Czy detektyw Krzysztof Rutkowski kłamał w swoich zeznaniach przed sejmową komisją śledczą ds. Olewnika. Takie zawiadomienie złożył do prokuratury Jerzy Dziewulski, o którym Rutkowski mówił, że pozostają w konflikcie. Prokuratura podjęła dochodzenie.
- Potwierdzam, prowadzimy śledztwo w sprawie fałszywych zeznań. Zawiadomienie złożył Jerzy Dziewulski, który kwestionuje to, co pan Rutkowski zeznawał przed komisją śledczą - powiedział w piątek szef Prokuratury Rejonowej Warszawa-Śródmieście Robert Myśliński.
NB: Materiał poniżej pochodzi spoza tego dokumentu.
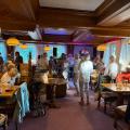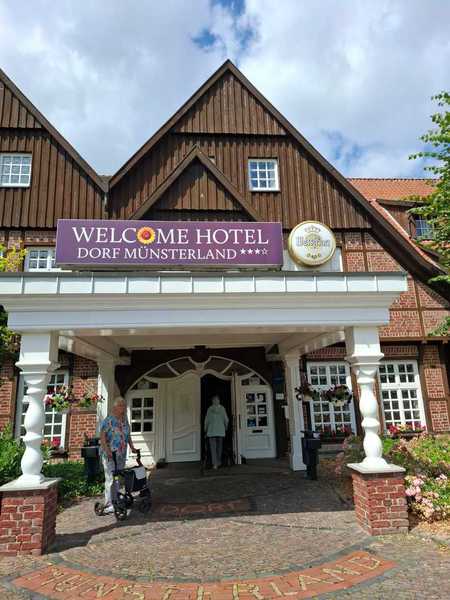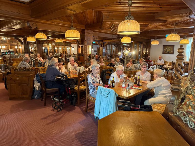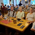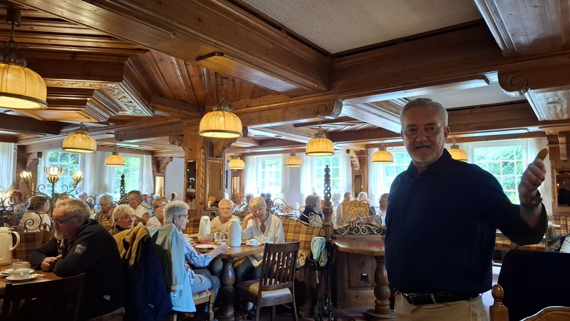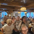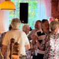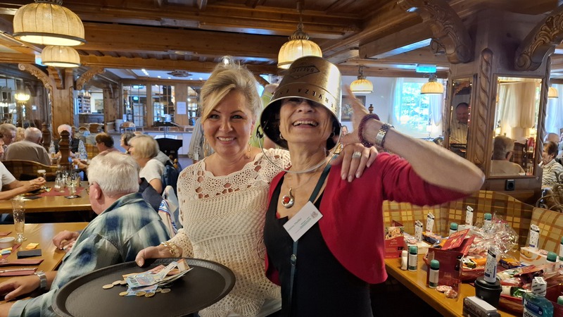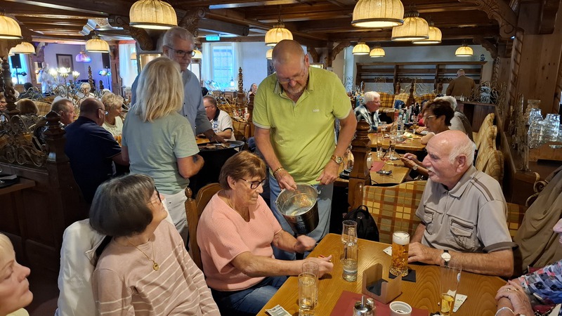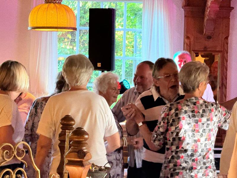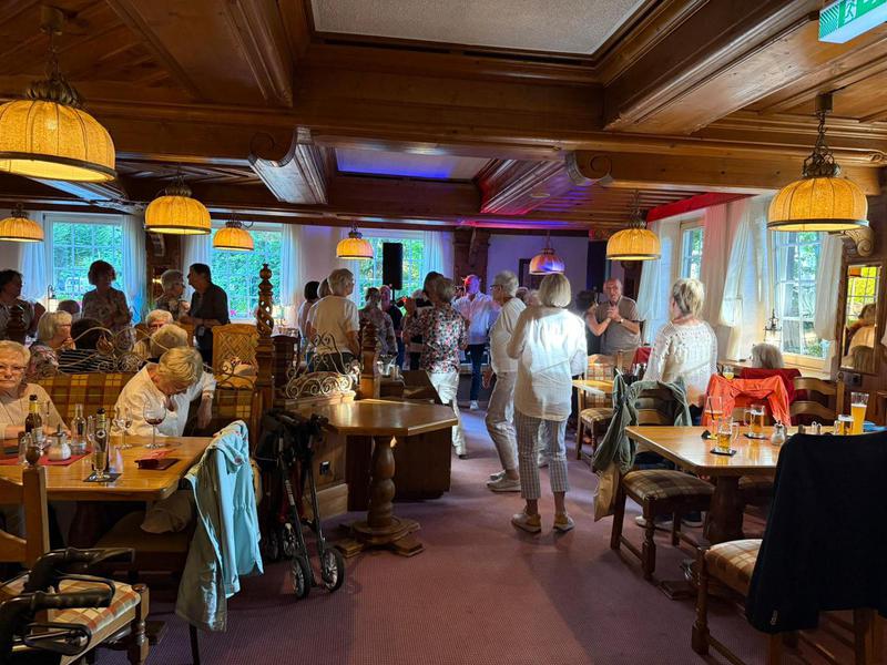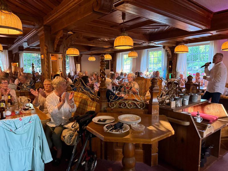 Erstmals statteten wir mit unserer Seniorenfahrt 60plus dem Dorf Münsterland einen Besuch ab. Mit 100 Personen, verteilt auf 2 Reisebussen, ging es am 9. Juli auf die rund einstündige Fahrt ins münsterländische Legden. Dort im Welcome Hotel wartete bereits die Kaffeetafel auf uns. Danach blieb Zeit, sich draußen die Beine zu vertreten und sich die Partylocation "Dorf Münsterland" anzuschauen, in der es an den Wochenenden hoch hergeht. Beim BVV ging es aber an diesem Tag drinnen etwas ruhiger an, auch wenn DJ und Alleinunterhalter Steven Heart die junggebliebenen Mitfahrerinnen und Mitfahrern schnell in Stimmung brachte. Es wurde getanzt, gelacht und schließlich kreiste auch eine Polonaise durch die Stuhlreihen.

Prokuratura wystąpiła już do sejmowej komisji śledczej o protokół zeznań Rutkowskiego, a komisja zdecydowała, że przekaże te akta.
Dziewulski się broni
Zeznając przed komisją śledczą, Rutkowski mówił, że ma wielu wrogów w różnych środowiskach i niektórzy z nich krążyli wokół rodziny Olewników. W tym kontekście wymienił nazwisko Dziewulskiego - byłego milicyjnego antyterrorysty, potem posła SLD.
Według Rutkowskiego, jest z nim w konflikcie, bo biuro detektywa zatrzymało samochód zarejestrowany na matkę byłego posła, który miał się okazać kradziony. - Pan Dziewulski w piśmie do prokuratury oświadczył, że to nieprawda - poinformował prokurator Myśliński.